## Work item:
Pictures stay out of the copy. Retype exactly the lines below from the one with "I believe this" through the one with "Catch the Super".

-- Opening Marker --

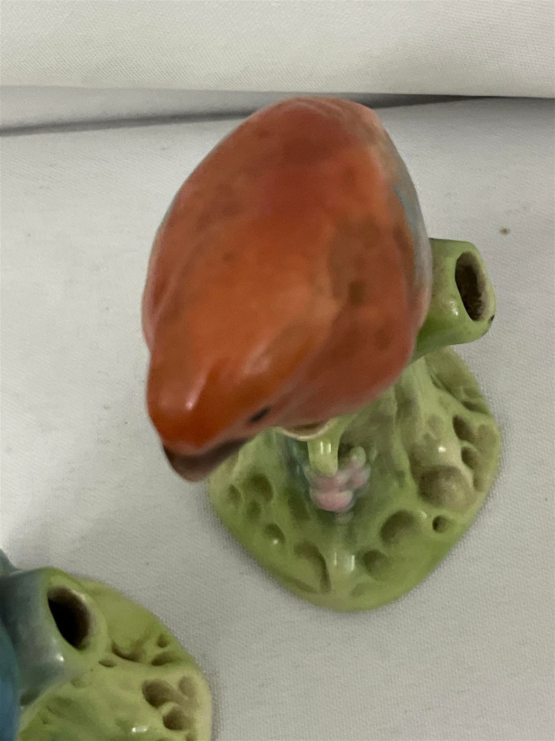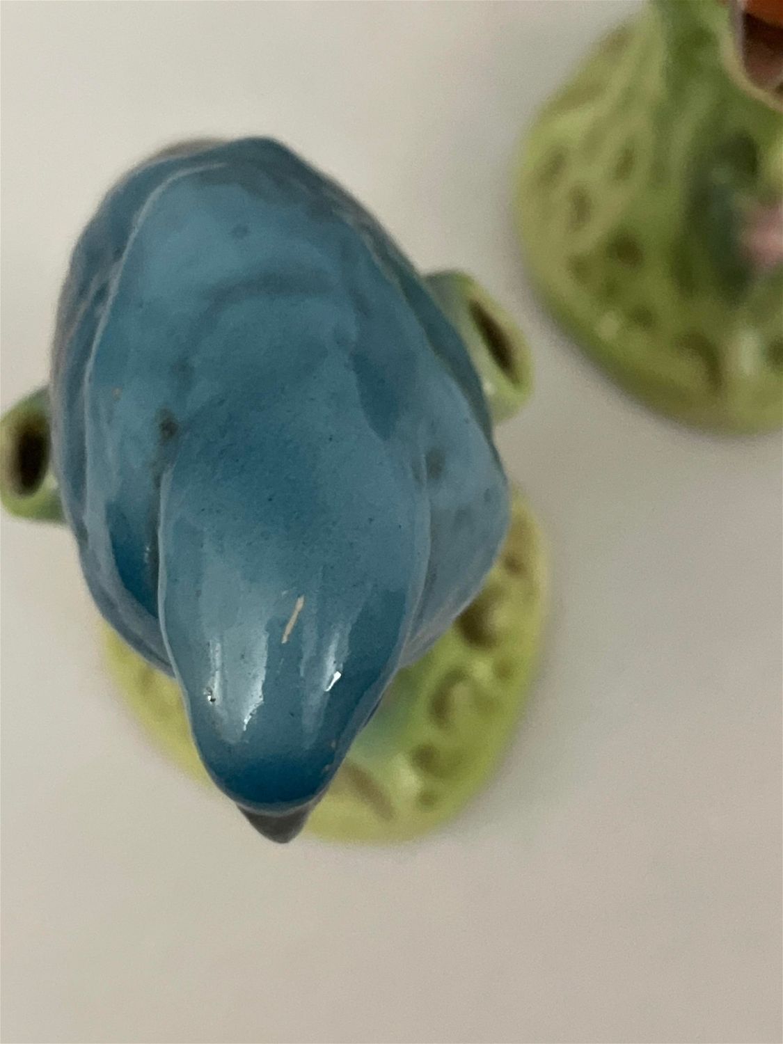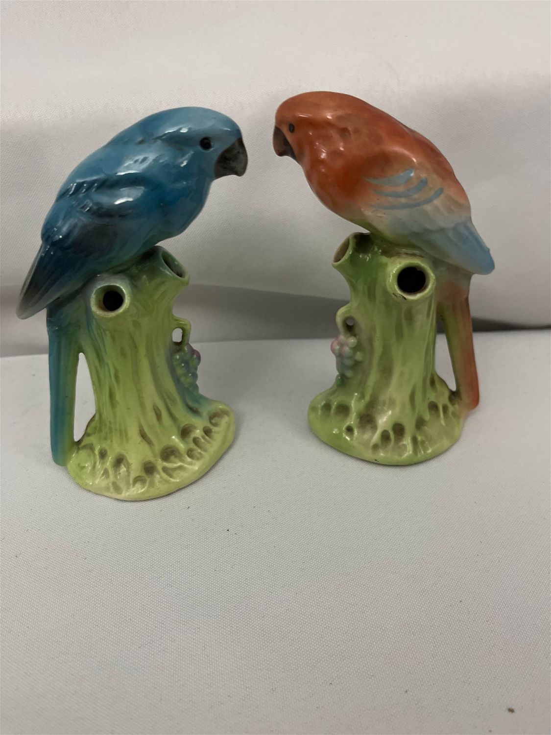 Each measures 5.5 inches tall, blue bird has slight scratch on head and rubbing on back of tail.
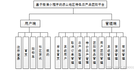 按照基于微信小程序的凉山地区特色农产品团购平台的功能模块,主要包括用户端(普通用户)和管理端(管理员)这两大功能模块。
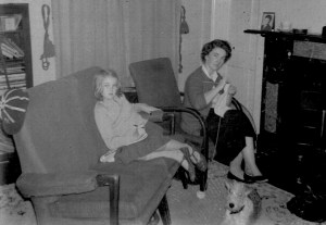 I believe this photo was taken in February 1961 in the room we always knew as ‘the back sitting room’. Mum is knitting, Cindy has a pen in her hand so was writing, Chloe the dog and Figum the cat are on the floor enjoying the warmth from the fire. My school photo is on the mantelpiece along with a teacup, and my school cap is on the back of the sofa. That’s quite a lot of information from one very poor quality B&W photo.
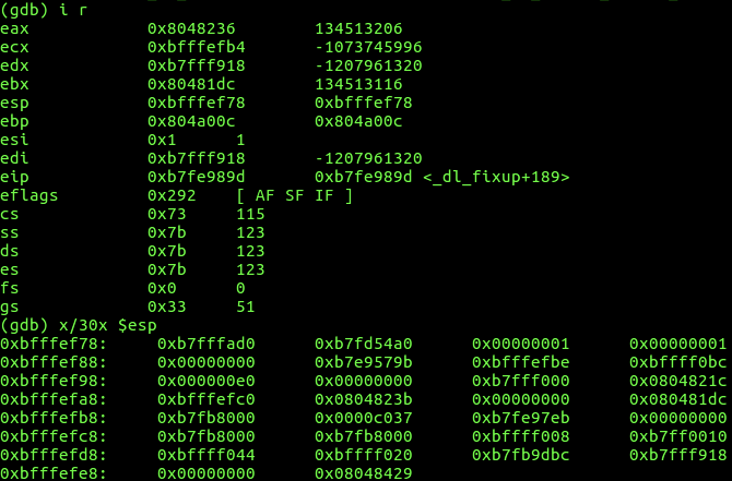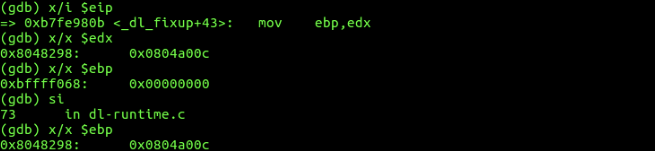 eax = esp+0x10(0xbffff048) = link_map(0xb7fff918)
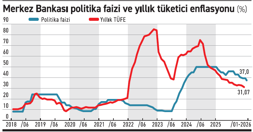 Merkez Bankası 2026 yılına temkinli başladı. Yılın ilk Para Politikası Kurulu toplantısında 150 baz puanlık indirim beklentisine karşılık 100 baz puanlık indirimle Merkez Bankası politika faizini yüzde 38’den yüzde 37’ye çekti. Uzmanlar, yüksek gelmesi beklenen ocak ayı enflasyonunun Merkez Bankası’nın ihtiyatlı davrandırdığını belirtirken borsanın tepkisi sert oldu. Borsa İstanbul’da bankacılık endeksinde karar sonrası düşüş yüzde 3’e yaklaştı.
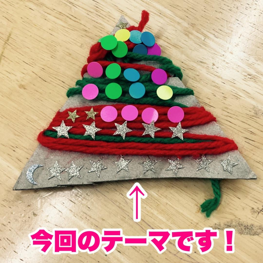 まずはこちら!クリスマスツリーが完成するまでの手順を紹介します!ダンボールを三角にカットし、その後に、赤と緑の毛糸を巻いていきます。(固定できるように合間に切り込みを入れてます)最後にシールを張ってデコレーションをして完成です!!
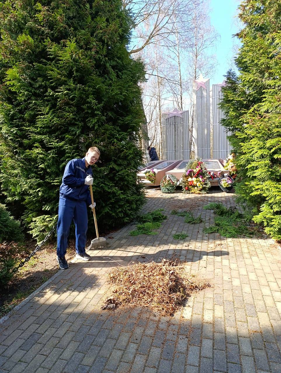 Волонтерское движение в нашем учреждении продолжается 8 апреля состоялся выезд в поселок Маломожайское на уборку территории мемориала захоронения воинов погибших в Великой отечественной войне. Наши ребята подстригли кустарники и ели, убрали ветки и листья, навели порядок около памятника защитникам Отечества.
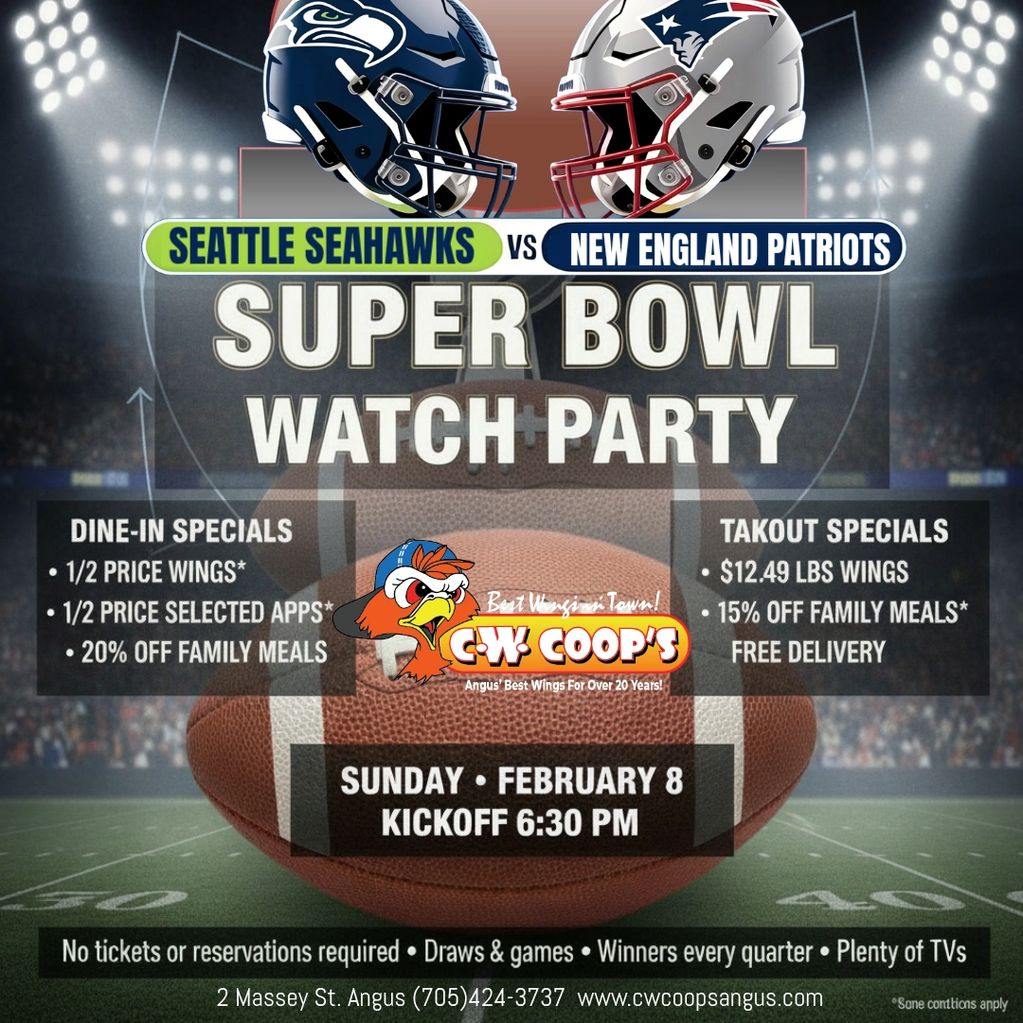 Catch the Super Bowl Watch Party at CW Coop’s on Sunday, February 8 with kickoff at 6:30 PM. Come early, grab a table, and watch the game on plenty of TVs with draws, games, and winners every quarter—no tickets or reservations required.
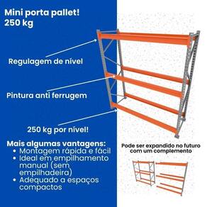 Prático e versátil, o mini porta pallet é ideal para depósitos, estoques e exposição de mercadorias. Com capacidade de peso de 250kg por nível, esse produto é perfeito para pet shops, oficinas, lojas de materiais de construção e mini atacarejos.
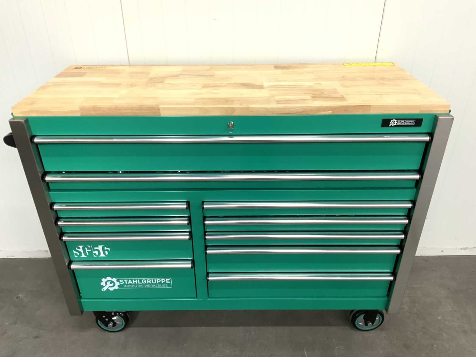 4 zwenkwielen, 11 laden, 9 gevuld, 386 pcs. Heavy Duty gereedschapswagen gebruik: voor professionals gereedschap: chroom-vanadium gereedschap inhoud: 29-delige ring-steeksleutel set (6 mm - 50 mm) rattelset en doppenset tot en met maat 50 3 ratelsleutel sets met doppen & bitsen (1/4”, 3/8” & 1/2”) 11-delige ring-ringsleutel set (6*7 mm - 30*32 mm) verstelbanre moersleutel 12-delige tangen set 2 hamers & 4 vijlen puntslag en beitel set 12 schroevendraaiers inbussleutels, Torxsleutels, precisiegereedschap 21-delige T-sleutelset 34-delige krachtdoppen set (12 mm - 50 mm) + Torx & inbus doppen & ratelsleutel 3/4,” LED-lamp, zaag, schaar, mes, meetgereedschappen enzovoort... in de originele verpakking Ongebruikt Merk: Stahlgruppe Type: Jumbo xxl prof + 4 in 1 set Bouwjaar: 2025 Aantal laden: 11 Met inhoud: true Eigen gewicht: 201kg Totale afmeting L: 1370mm Totale afmeting Breedte: 520mm Totale afmeting Hoogte: 1110mm

-- Closing Marker --

## Solution for this problem:
 I believe this photo was taken in February 1961 in the room we always knew as ‘the back sitting room’. Mum is knitting, Cindy has a pen in her hand so was writing, Chloe the dog and Figum the cat are on the floor enjoying the warmth from the fire. My school photo is on the mantelpiece along with a teacup, and my school cap is on the back of the sofa. That’s quite a lot of information from one very poor quality B&W photo.
 eax = esp+0x10(0xbffff048) = link_map(0xb7fff918)
 Merkez Bankası 2026 yılına temkinli başladı. Yılın ilk Para Politikası Kurulu toplantısında 150 baz puanlık indirim beklentisine karşılık 100 baz puanlık indirimle Merkez Bankası politika faizini yüzde 38’den yüzde 37’ye çekti. Uzmanlar, yüksek gelmesi beklenen ocak ayı enflasyonunun Merkez Bankası’nın ihtiyatlı davrandırdığını belirtirken borsanın tepkisi sert oldu. Borsa İstanbul’da bankacılık endeksinde karar sonrası düşüş yüzde 3’e yaklaştı.
 まずはこちら!クリスマスツリーが完成するまでの手順を紹介します!ダンボールを三角にカットし、その後に、赤と緑の毛糸を巻いていきます。(固定できるように合間に切り込みを入れてます)最後にシールを張ってデコレーションをして完成です!!
 Волонтерское движение в нашем учреждении продолжается 8 апреля состоялся выезд в поселок Маломожайское на уборку территории мемориала захоронения воинов погибших в Великой отечественной войне. Наши ребята подстригли кустарники и ели, убрали ветки и листья, навели порядок около памятника защитникам Отечества.
 Catch the Super Bowl Watch Party at CW Coop’s on Sunday, February 8 with kickoff at 6:30 PM. Come early, grab a table, and watch the game on plenty of TVs with draws, games, and winners every quarter—no tickets or reservations required.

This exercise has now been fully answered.